WHAT TO PRODUCE:
Going down the data below, set down exactly the line with "Japanese Matcha Set" and each line after it through the line with "Today is #MidAutumnFestival"; no other lines.

TASK INPUT:
Segment Open
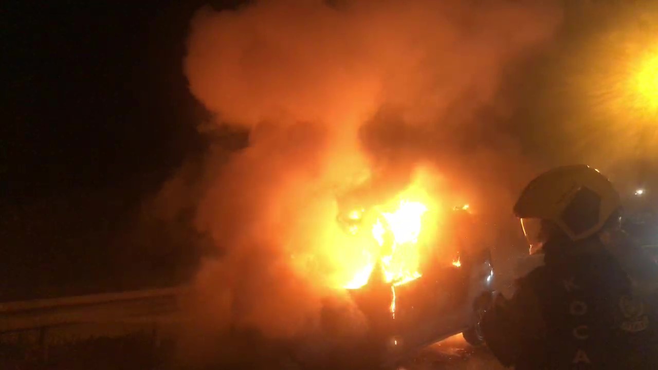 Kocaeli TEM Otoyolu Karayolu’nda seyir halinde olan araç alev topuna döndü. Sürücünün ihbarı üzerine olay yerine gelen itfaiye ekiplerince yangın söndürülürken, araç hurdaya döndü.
Segment Closed
Segment Open
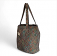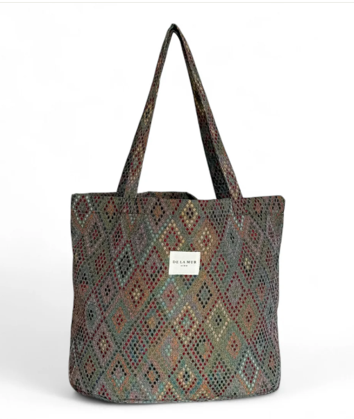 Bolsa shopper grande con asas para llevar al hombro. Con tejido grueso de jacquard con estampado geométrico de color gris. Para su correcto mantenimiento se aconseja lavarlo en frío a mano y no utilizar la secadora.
Segment Closed
Segment Open
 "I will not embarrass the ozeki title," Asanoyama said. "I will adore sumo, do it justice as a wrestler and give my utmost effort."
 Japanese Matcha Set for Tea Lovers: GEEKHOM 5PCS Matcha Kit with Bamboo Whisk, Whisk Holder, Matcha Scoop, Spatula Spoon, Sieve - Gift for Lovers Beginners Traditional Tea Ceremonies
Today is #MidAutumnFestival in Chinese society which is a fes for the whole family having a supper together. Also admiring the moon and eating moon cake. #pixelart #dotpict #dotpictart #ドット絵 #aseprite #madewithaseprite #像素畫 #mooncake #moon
Segment Closed
COMPLETED TASK:
 Japanese Matcha Set for Tea Lovers: GEEKHOM 5PCS Matcha Kit with Bamboo Whisk, Whisk Holder, Matcha Scoop, Spatula Spoon, Sieve - Gift for Lovers Beginners Traditional Tea Ceremonies
Today is #MidAutumnFestival in Chinese society which is a fes for the whole family having a supper together. Also admiring the moon and eating moon cake. #pixelart #dotpict #dotpictart #ドット絵 #aseprite #madewithaseprite #像素畫 #mooncake #moon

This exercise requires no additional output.